* WORK INSTRUCTION: Pictures in the records below must be left out. Return exactly the lines from the line with "ロイロノートに「切る」「炒め" to the line with "初始装备一把单手斧和小冲锋枪", both included.

···

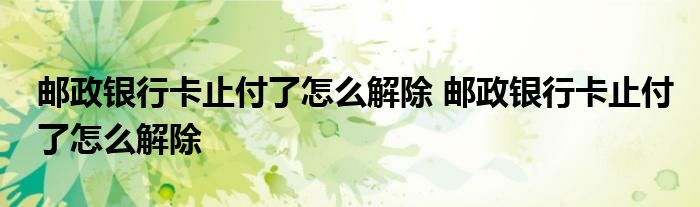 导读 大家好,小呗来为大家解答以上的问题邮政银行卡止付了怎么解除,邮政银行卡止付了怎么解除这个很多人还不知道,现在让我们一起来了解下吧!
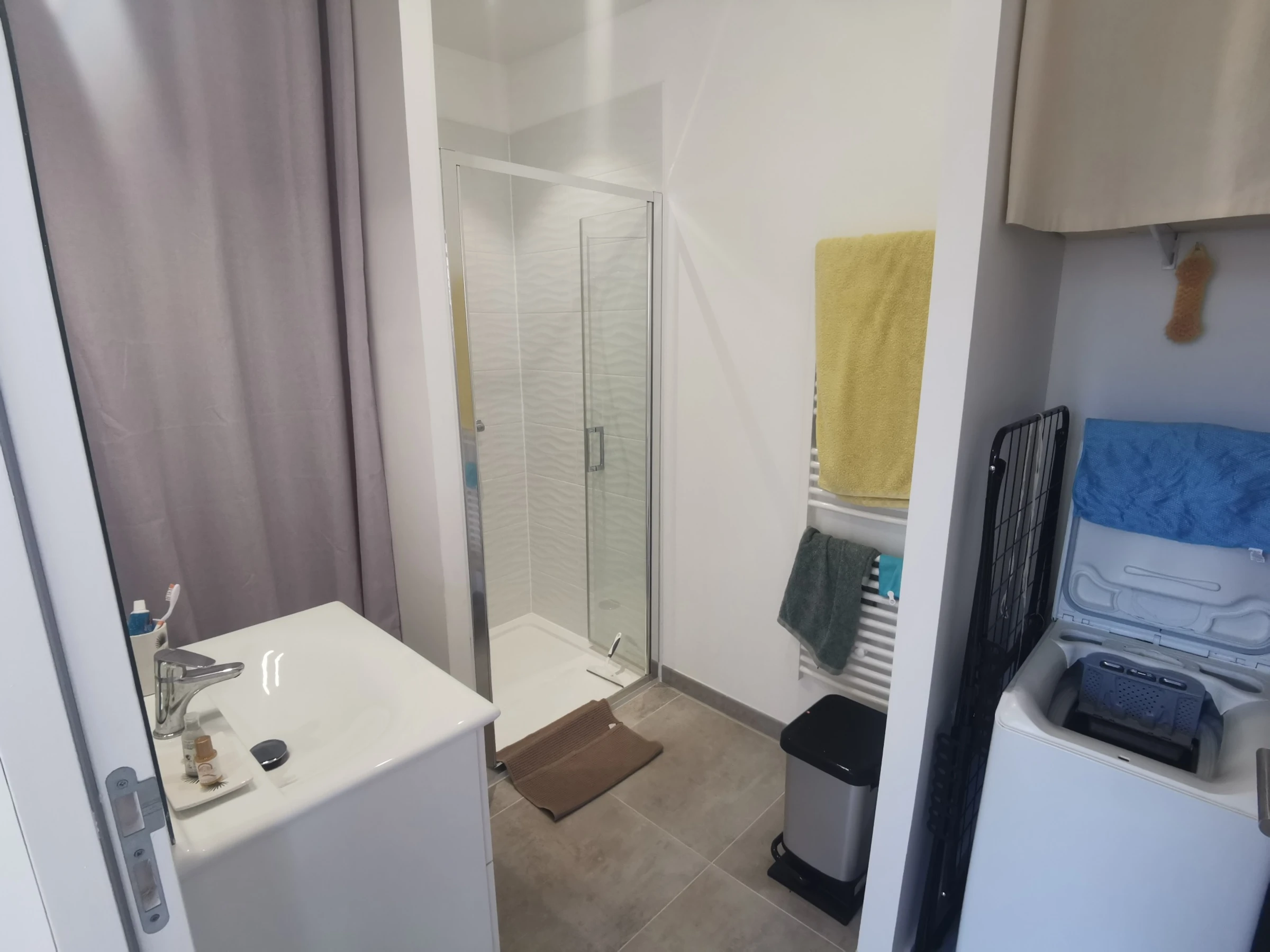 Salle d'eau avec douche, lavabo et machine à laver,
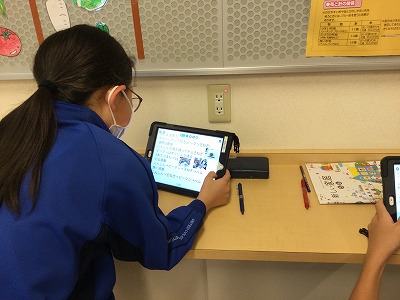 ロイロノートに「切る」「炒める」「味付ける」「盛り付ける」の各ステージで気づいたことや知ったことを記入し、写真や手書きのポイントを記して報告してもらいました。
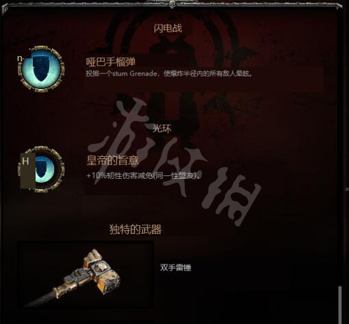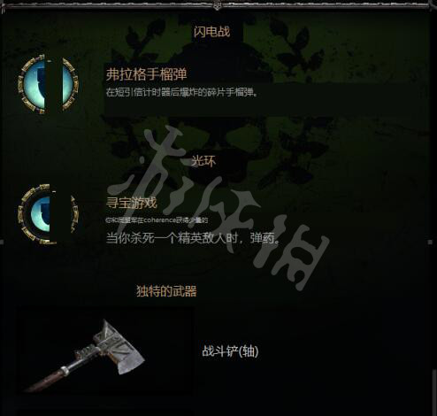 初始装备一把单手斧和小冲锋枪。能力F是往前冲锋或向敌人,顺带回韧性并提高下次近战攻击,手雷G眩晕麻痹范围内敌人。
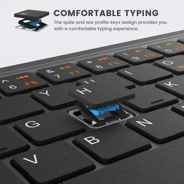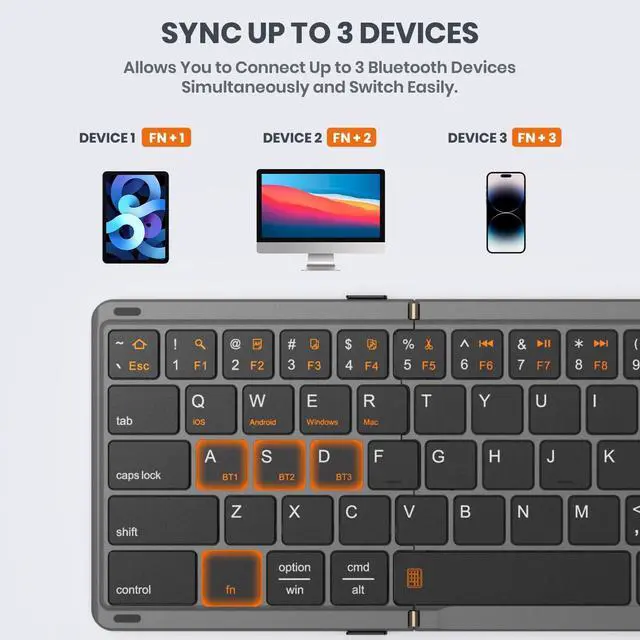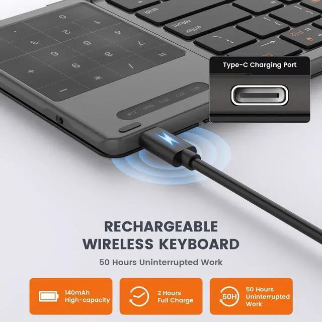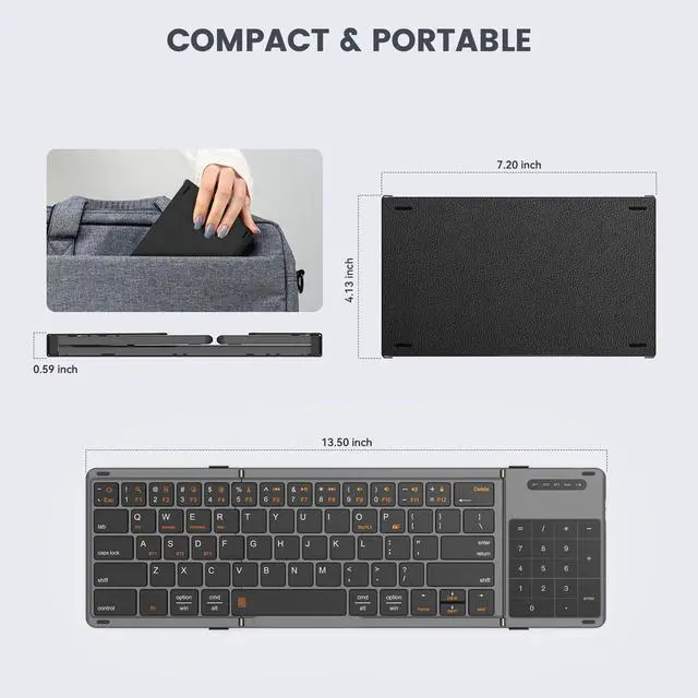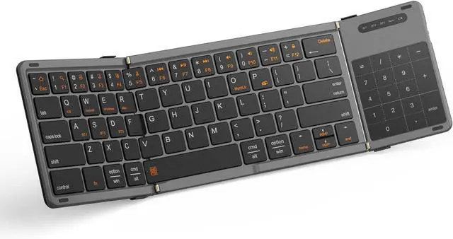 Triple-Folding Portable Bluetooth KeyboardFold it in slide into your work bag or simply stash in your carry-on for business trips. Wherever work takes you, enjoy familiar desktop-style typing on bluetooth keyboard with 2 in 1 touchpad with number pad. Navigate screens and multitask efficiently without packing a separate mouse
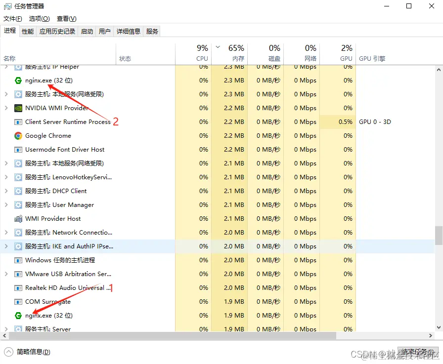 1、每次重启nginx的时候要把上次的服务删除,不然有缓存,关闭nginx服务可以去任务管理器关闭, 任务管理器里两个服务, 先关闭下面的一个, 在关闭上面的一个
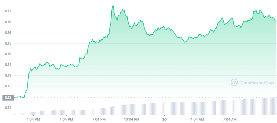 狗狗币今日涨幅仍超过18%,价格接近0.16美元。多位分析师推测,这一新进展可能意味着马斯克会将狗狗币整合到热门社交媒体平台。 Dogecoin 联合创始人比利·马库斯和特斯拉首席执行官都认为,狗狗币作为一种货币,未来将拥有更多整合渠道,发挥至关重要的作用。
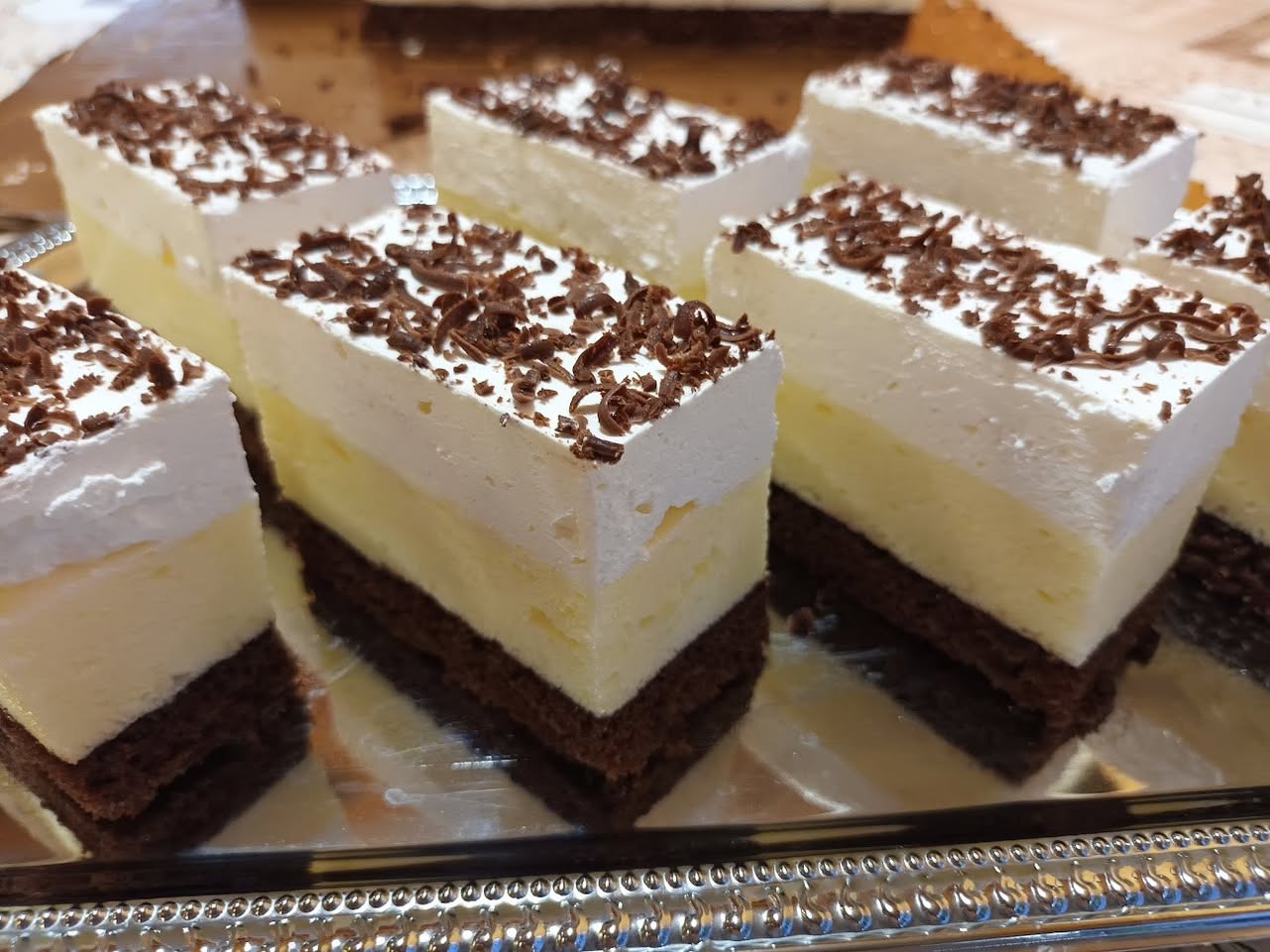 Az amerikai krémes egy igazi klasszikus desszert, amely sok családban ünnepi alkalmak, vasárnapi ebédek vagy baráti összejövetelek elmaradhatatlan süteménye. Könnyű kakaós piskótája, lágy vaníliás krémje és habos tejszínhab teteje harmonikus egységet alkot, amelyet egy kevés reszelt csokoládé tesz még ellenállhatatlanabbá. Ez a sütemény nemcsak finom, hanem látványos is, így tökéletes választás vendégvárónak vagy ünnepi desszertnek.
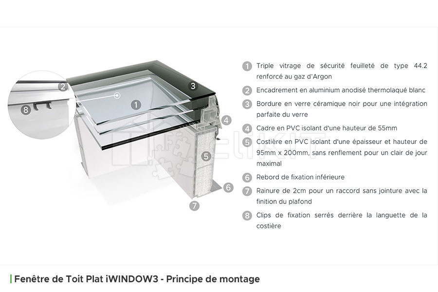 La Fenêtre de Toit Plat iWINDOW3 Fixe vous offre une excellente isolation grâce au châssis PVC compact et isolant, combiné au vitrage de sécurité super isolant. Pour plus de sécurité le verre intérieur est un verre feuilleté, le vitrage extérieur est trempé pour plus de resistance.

···

* REPLY:
 ロイロノートに「切る」「炒める」「味付ける」「盛り付ける」の各ステージで気づいたことや知ったことを記入し、写真や手書きのポイントを記して報告してもらいました。
 初始装备一把单手斧和小冲锋枪。能力F是往前冲锋或向敌人,顺带回韧性并提高下次近战攻击,手雷G眩晕麻痹范围内敌人。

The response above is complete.